### Listed entries
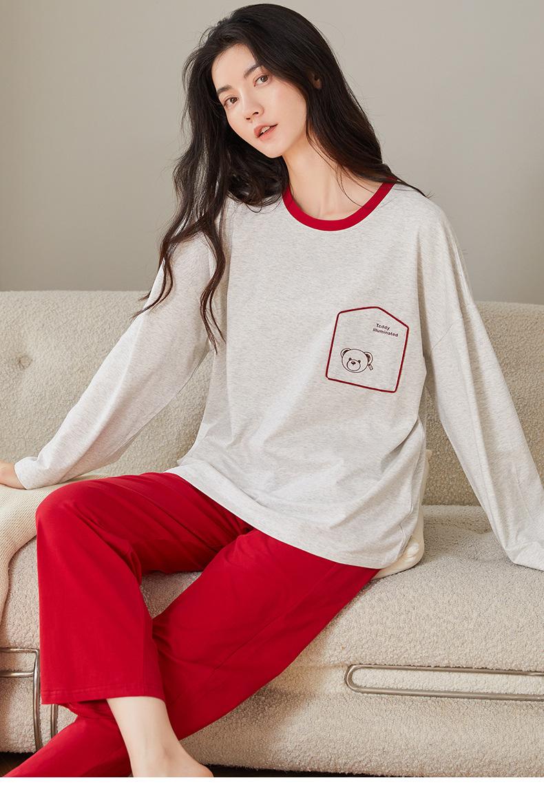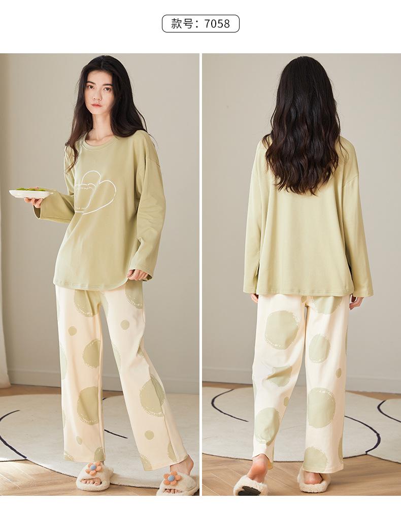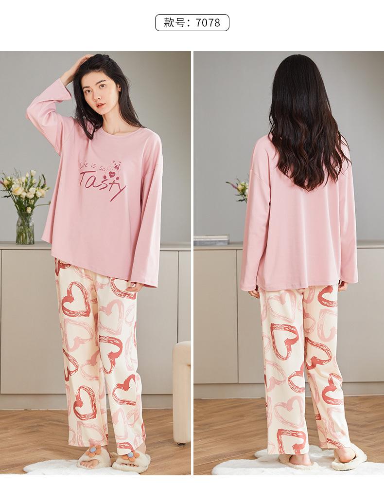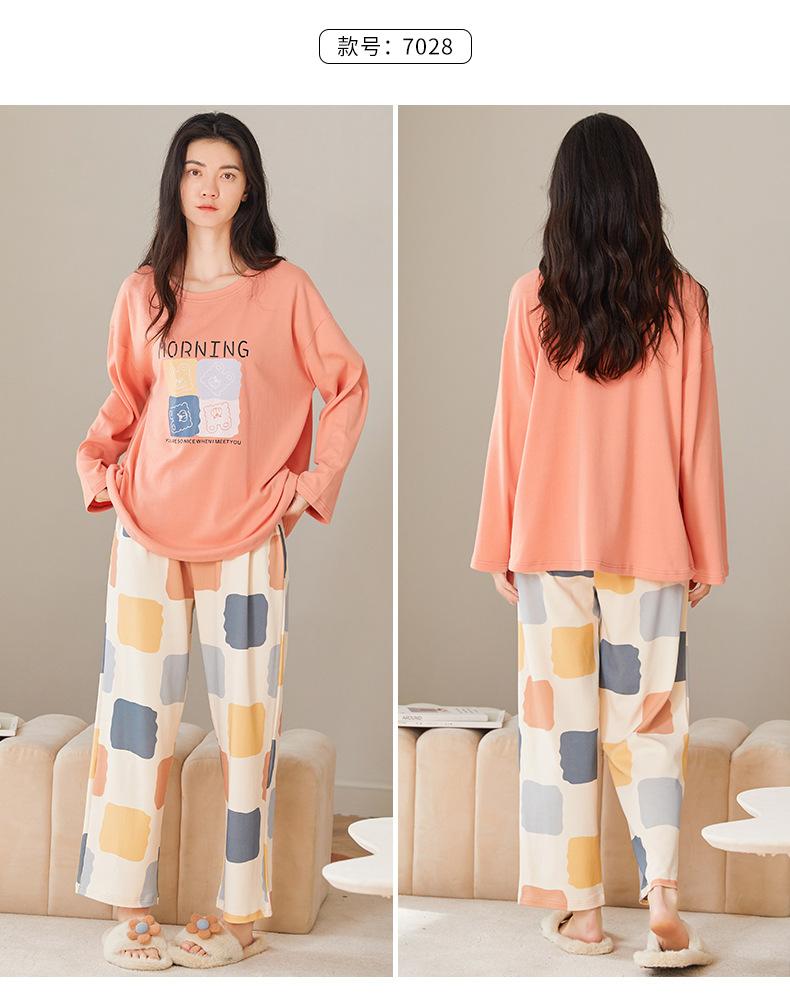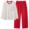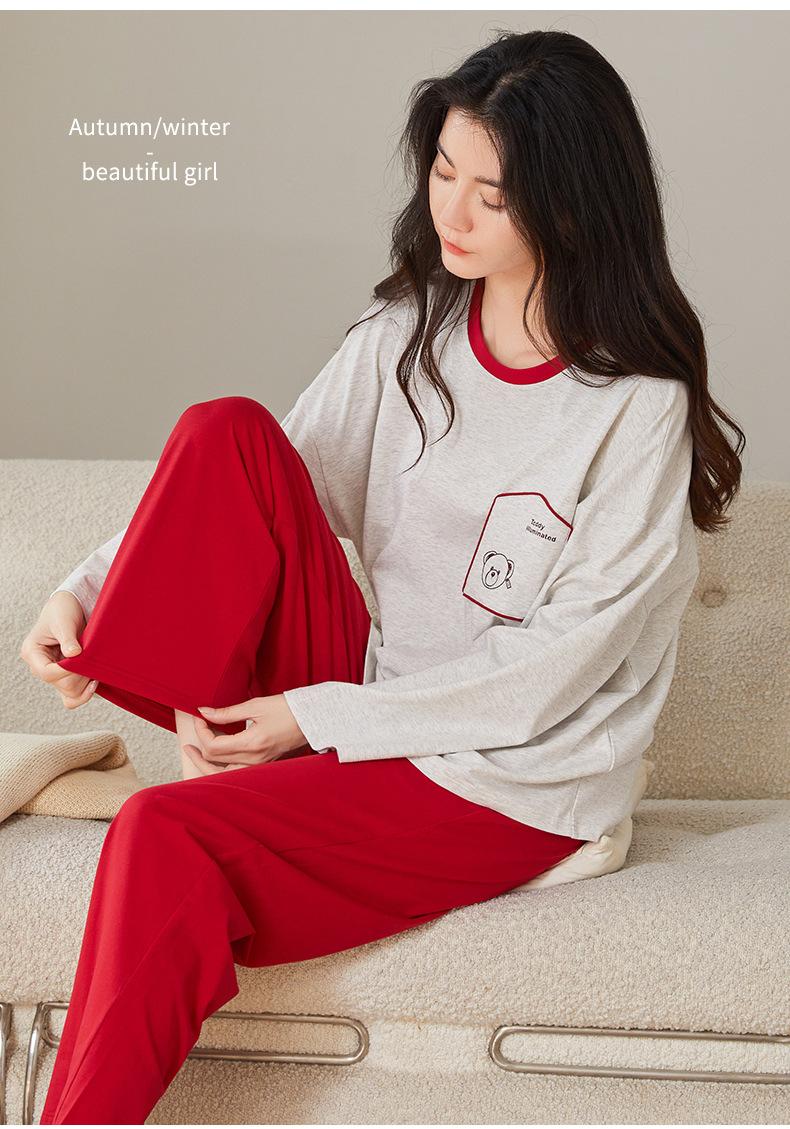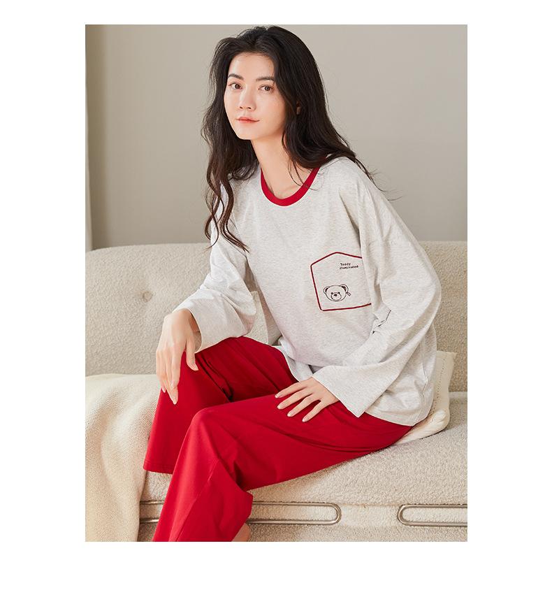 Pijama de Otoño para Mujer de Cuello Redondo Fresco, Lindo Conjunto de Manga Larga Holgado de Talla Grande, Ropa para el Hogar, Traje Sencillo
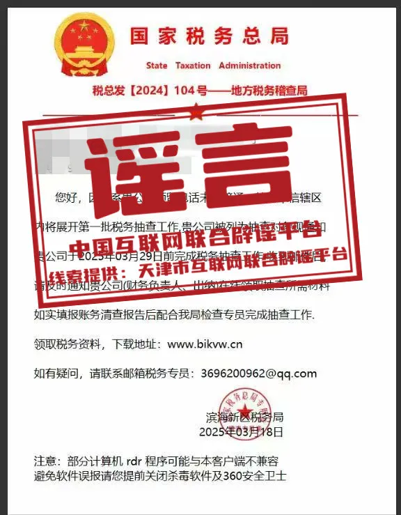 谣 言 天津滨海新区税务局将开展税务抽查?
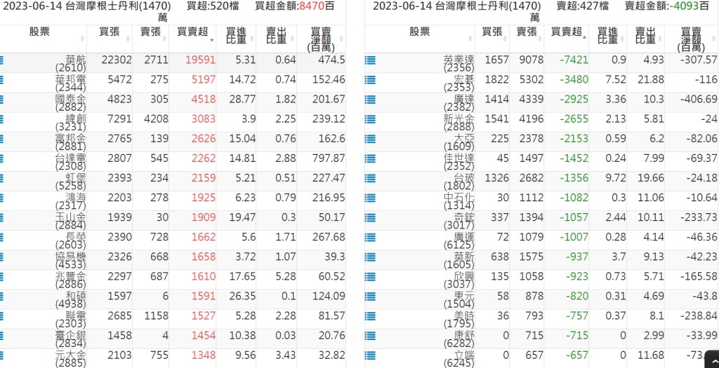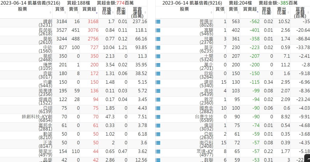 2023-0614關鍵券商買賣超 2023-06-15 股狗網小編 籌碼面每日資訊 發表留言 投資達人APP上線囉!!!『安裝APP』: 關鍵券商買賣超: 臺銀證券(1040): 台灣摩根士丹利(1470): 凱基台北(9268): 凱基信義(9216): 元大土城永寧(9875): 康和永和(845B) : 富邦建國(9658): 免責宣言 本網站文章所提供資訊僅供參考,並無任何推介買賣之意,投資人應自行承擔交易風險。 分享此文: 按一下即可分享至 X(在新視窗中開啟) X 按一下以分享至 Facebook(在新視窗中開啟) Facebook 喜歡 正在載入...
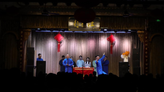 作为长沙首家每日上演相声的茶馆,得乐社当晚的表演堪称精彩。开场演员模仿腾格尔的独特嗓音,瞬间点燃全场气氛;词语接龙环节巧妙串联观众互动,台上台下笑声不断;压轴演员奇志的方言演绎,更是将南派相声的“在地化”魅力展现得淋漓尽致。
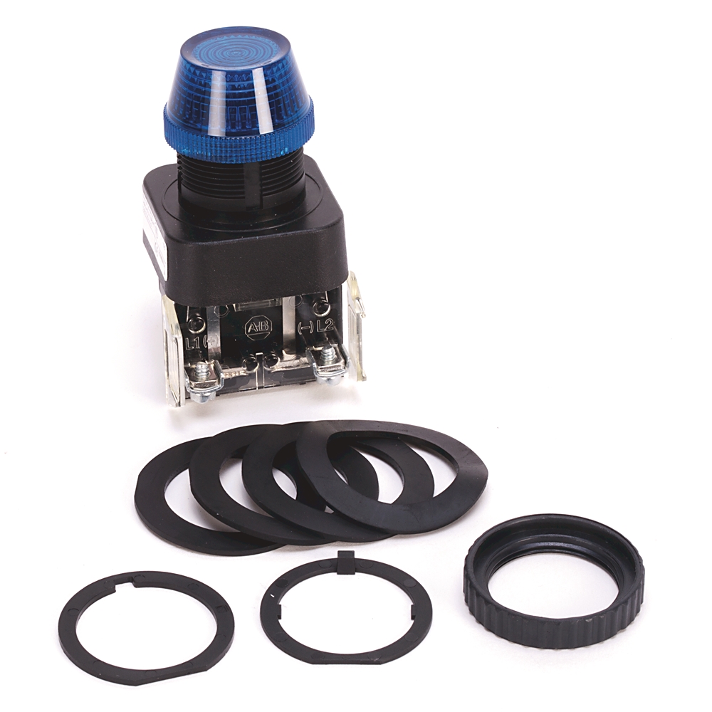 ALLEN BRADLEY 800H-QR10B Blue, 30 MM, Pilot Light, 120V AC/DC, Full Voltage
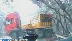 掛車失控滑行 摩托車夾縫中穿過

### Activity
Print the full listing exactly, dropping the pictures.

### Response below
 Pijama de Otoño para Mujer de Cuello Redondo Fresco, Lindo Conjunto de Manga Larga Holgado de Talla Grande, Ropa para el Hogar, Traje Sencillo
 谣 言 天津滨海新区税务局将开展税务抽查?
 2023-0614關鍵券商買賣超 2023-06-15 股狗網小編 籌碼面每日資訊 發表留言 投資達人APP上線囉!!!『安裝APP』: 關鍵券商買賣超: 臺銀證券(1040): 台灣摩根士丹利(1470): 凱基台北(9268): 凱基信義(9216): 元大土城永寧(9875): 康和永和(845B) : 富邦建國(9658): 免責宣言 本網站文章所提供資訊僅供參考,並無任何推介買賣之意,投資人應自行承擔交易風險。 分享此文: 按一下即可分享至 X(在新視窗中開啟) X 按一下以分享至 Facebook(在新視窗中開啟) Facebook 喜歡 正在載入...
 作为长沙首家每日上演相声的茶馆,得乐社当晚的表演堪称精彩。开场演员模仿腾格尔的独特嗓音,瞬间点燃全场气氛;词语接龙环节巧妙串联观众互动,台上台下笑声不断;压轴演员奇志的方言演绎,更是将南派相声的“在地化”魅力展现得淋漓尽致。
 ALLEN BRADLEY 800H-QR10B Blue, 30 MM, Pilot Light, 120V AC/DC, Full Voltage
 掛車失控滑行 摩托車夾縫中穿過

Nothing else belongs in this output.